--- Prompt ---
From the line with "- Kadın ev ayakkabısı" through the last line of the records below, both ends included, transcribe only those lines, exactly, and omit the pictures.

(Stored data)

• • • •

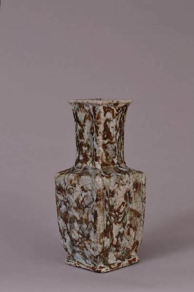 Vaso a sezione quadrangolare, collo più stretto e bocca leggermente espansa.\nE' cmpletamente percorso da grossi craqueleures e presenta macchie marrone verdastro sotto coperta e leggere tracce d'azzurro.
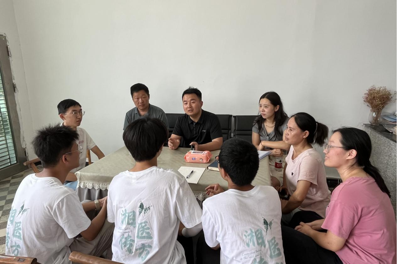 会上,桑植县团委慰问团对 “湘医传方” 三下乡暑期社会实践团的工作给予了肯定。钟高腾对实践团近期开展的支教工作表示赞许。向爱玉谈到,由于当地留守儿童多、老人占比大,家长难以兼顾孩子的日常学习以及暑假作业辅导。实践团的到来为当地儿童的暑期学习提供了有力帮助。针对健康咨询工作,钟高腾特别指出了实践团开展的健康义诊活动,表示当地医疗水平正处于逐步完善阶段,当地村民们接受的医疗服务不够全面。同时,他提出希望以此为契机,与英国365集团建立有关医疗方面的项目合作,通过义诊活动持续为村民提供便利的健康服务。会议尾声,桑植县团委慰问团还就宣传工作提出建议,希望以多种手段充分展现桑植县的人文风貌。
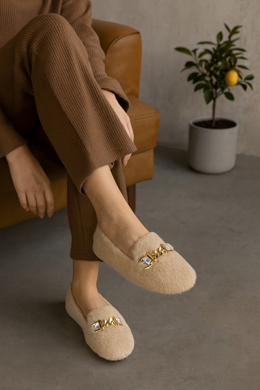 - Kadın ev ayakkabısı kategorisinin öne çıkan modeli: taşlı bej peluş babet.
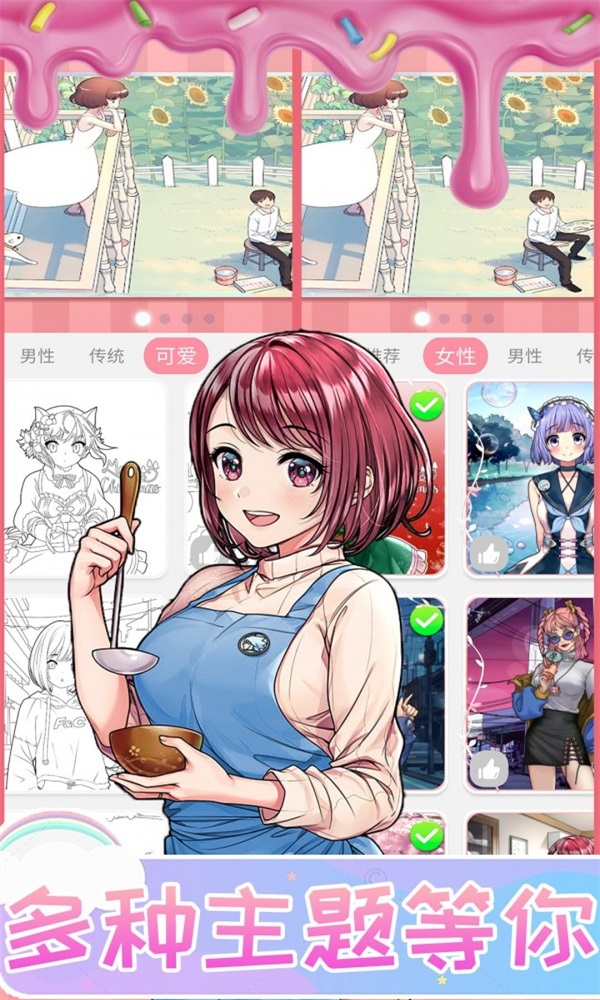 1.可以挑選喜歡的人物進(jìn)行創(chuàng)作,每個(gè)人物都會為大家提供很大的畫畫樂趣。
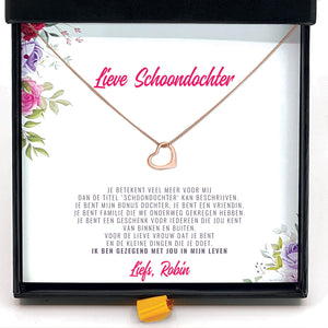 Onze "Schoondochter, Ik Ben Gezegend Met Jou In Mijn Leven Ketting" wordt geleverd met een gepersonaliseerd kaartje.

• • • •

--- Response ---
 - Kadın ev ayakkabısı kategorisinin öne çıkan modeli: taşlı bej peluş babet.
 1.可以挑選喜歡的人物進(jìn)行創(chuàng)作,每個(gè)人物都會為大家提供很大的畫畫樂趣。
 Onze "Schoondochter, Ik Ben Gezegend Met Jou In Mijn Leven Ketting" wordt geleverd met een gepersonaliseerd kaartje.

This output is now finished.